Plasmid replication and Hfr formation in strains of Escherichia coli carrying seg mutations.

Several conditional-lethal mutantions that do not permit the replication of F-factors of Escherichia coli K-12 are located at a site called seg. This gene is located on the E. coli chromosome between ser B and thr. It is unrelated to other known genes involved in DNA replication. Strains carrying seg mutations were unable to replicate F'-lac+, several F'-gal+s, F'-his+ and bacteriophage gamma at 42 degrees. However, neither phage T4, ColE1, nor any of the R factors tested were prevented from replicating at 42 degrees C. When the kinetics of the loss of F-primes is studied in seg strains, it is found that the rate of curing depends on the size of the plasmid, larger F factors curing faster than smaller ones, and that Hfrs are formed at high frequencies.
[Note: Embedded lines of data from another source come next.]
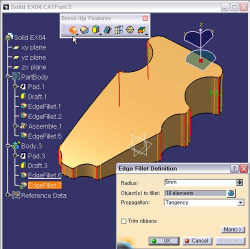 1. Edge Fillet ÀÛ¾÷Çϱâ Edge Fillet ¾ÆÀÌÄÜÀ» ¼±ÅÃÇÑ´Ù. Radius : 5mm Object(s) to fillet : ±âµÕºÎÀÇ 10°³ÀÇ ¼¼·Î Edge¸¦ ¼±ÅÃÇÑ´Ù.
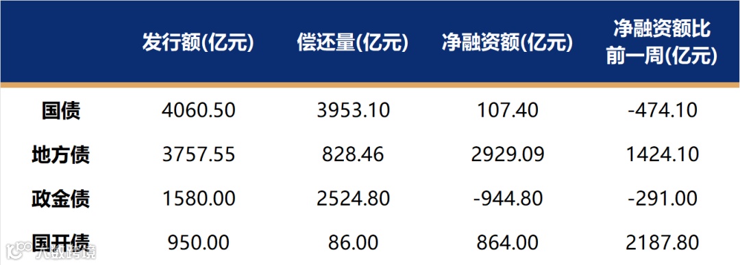国债、国开、政金债、地方债发行量、偿还量、净融资额(与前一周比较)。
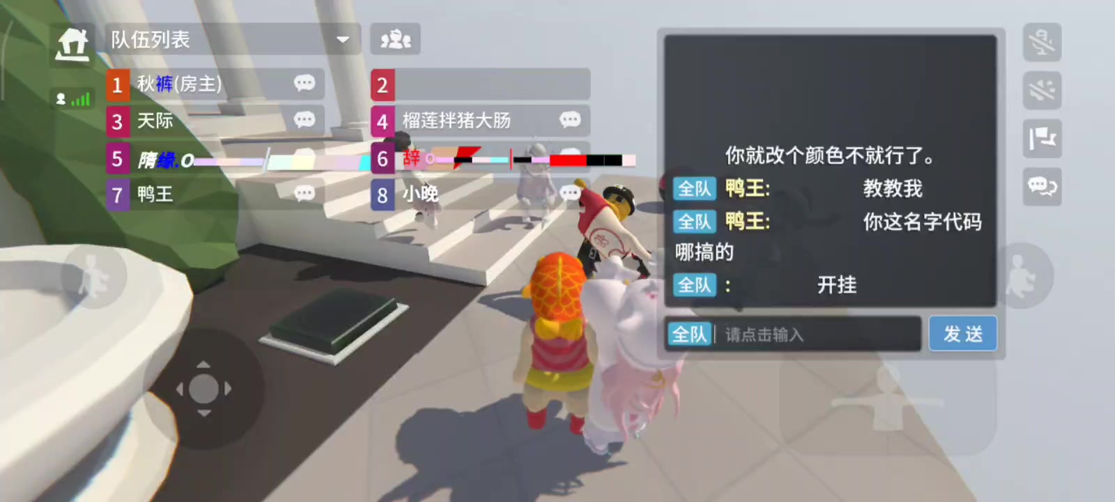 进了一个进了一个别人的房间,发现我头上的群主,被外挂改到别人头上了,后面翻了一下录屏才发现,视频中的鸭王,和彩色昵称:辞,两个人是认识的,应该是这个彩色昵称的,我人都没动一下,房主就被转到鸭王头上了,他们两个都是朋友
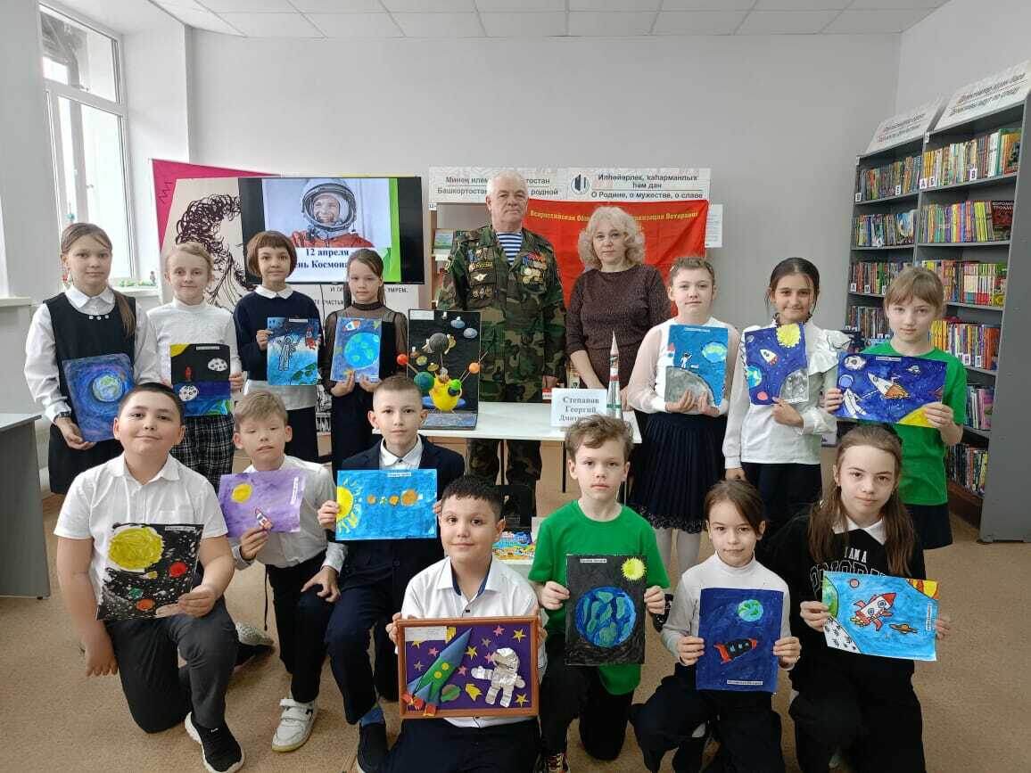 День космонавтики — большой праздник в честь лётчиков, космонавтов, конструкторов, которые создают ракеты, космические корабли и искусственные спутники Земли. В субботний день 12 апреля двери городской модельной библиотеки распахнулись для веселой шумной детворы. Учащиеся школы № 35 пришли на увлекательную встречу с Георгием Дмитриевичем Степановым. «Свет таинственный, далёкий, призывая и маня,к устремлениям высоким в небеса зовёт меня». Этими прекрасными строками начала мероприятие Элина Хасанова.

The Hfrs showed both F-genote enlargement and normal transfer of chromosomal markers. The F-genotes are unstable and segregate chromosomal markers at high frequencies. Some orthodox Hfrs were examined, and two that were known to revert to the F+ condition relatively frequently were found to generate enlarged F-genotes on mating, whereas two strains that were very stable with respect to the F+ state did not show F-genote formation. F-genote formation from seg Hfr stains is dependent on a functional recA gene, as F-genote formation was not seen with a seg-2, recA-1 Hfr. This is in contrast to F-genote enlargement shown by both orthodox Hfrs and an Hfr strain constructed by integration of a temperature-sensitive F'-gal+, whose F-genote enlargement is Rec-independent. Thus there may be more than one mechanism for the formation of enlarged F-genotes.